Some departments use asset forfeiture to fund their normal operations. Others seem to do it simple because they can. A local investigation into how asset forfeiture has been used in Massachusetts is a case study in how bad the practice has become:
Civil forfeitures are big business in Worcester County, where [Joseph ] Early has been the elected district attorney since 2006. His office brought in nearly $4 million in forfeitures in just the latest four years, from fiscal 2017 through 2020, according to analyses by the state’s trial court.
Where that money goes is notable. In almost all cases, the proceeds are split 50/50 between the Worcester County district attorney’s office and the local or state police department that handled the seizure.

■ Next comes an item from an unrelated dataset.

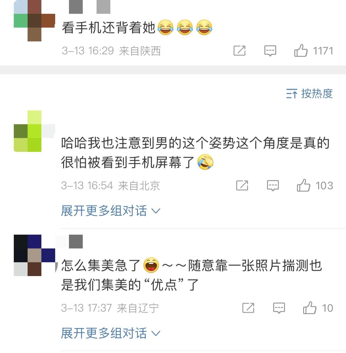 有网友说,照片中的两人都有些防备对方,看手机的角度往自己方向倾斜,似乎不想让别人看到手机内容。

That’s legal in Massachusetts, but it’s a system rife with conflicts of interest because the offices confiscating the money also stand to benefit from it, lawyers and civil rights advocates say.
Early has been criticized by the state auditor for spending forfeiture funds on a Zamboni ice-clearing machine and tree-trimming equipment. Over the years, his office has posted photos on its website of Early handing out checks for “Drug Forfeiture Community Reinvestment,” to pay for baseball and softball fields or to support a cheerleading team.

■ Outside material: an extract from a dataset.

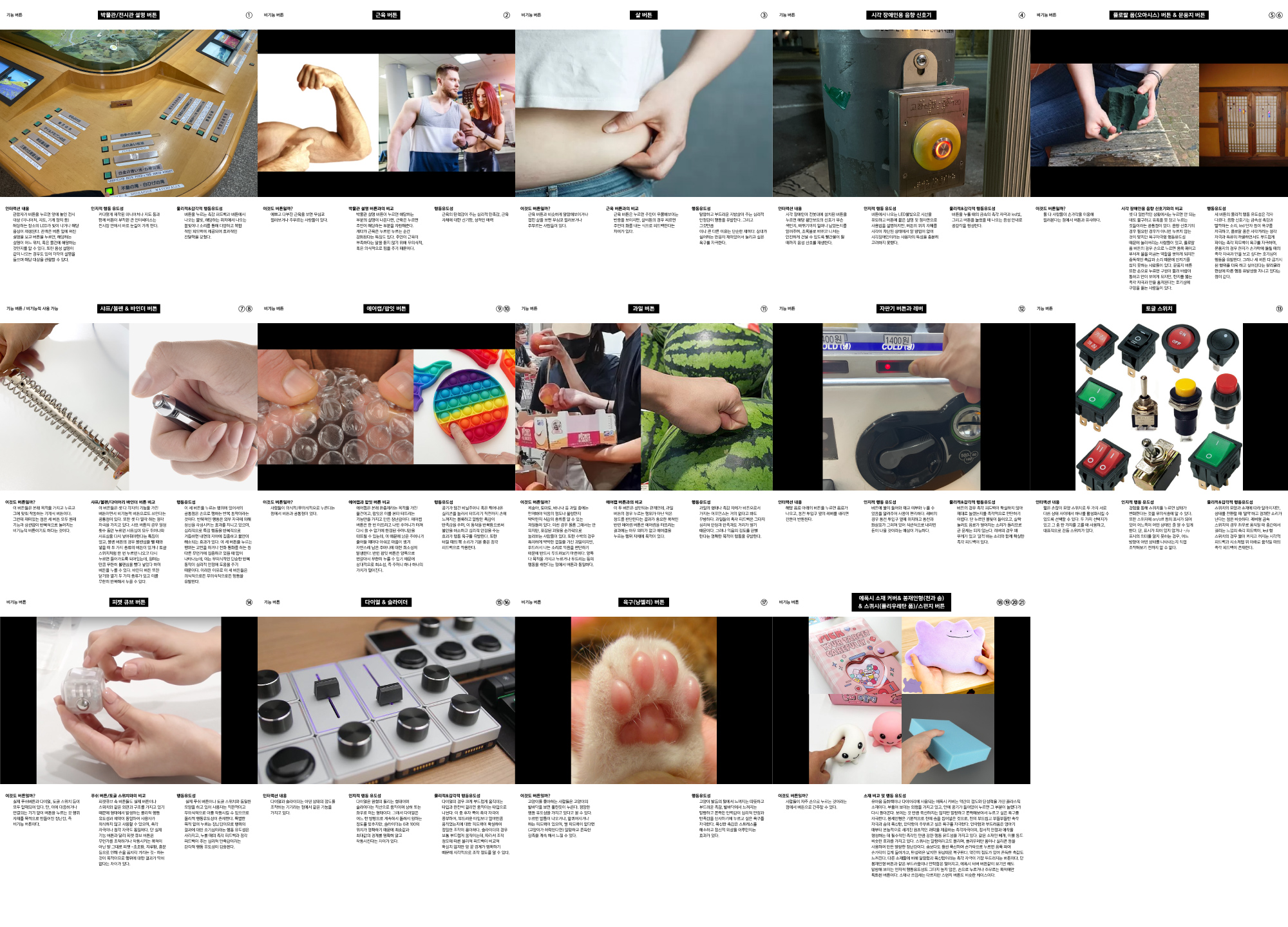 첫 번째는 기능 버튼들에 대한 탐구다. 주로 주변에서 볼 수 있는 기계식 버튼이나 스위치 등을 찾고 이들이 어떤 역할을 하고 있는지, 사람들은 왜 물리 버튼을 누르고자 하는지를 분석하였다.

Early said he’s proud of using drug dealer’s money to help the community. It appears what he’s really doing is taking money from people never charged with crimes – in essence “preying on the poor”:
WBUR’s analysis of Worcester County forfeitures from 2017 through 2019 found that more than half of the seizures in these cases were for less than $500. In one incident, Fitchburg police seized $10 from a man listed as homeless. In another, Sturbridge police took $10 from a 14-year-old boy.
That’s not law enforcement. It’s a shakedown, and it needs to be brought to a swift conclusion. If law enforcement wants to seize someone’s money or property, fine. They can do it after that person has been convicted of a crime. Never before.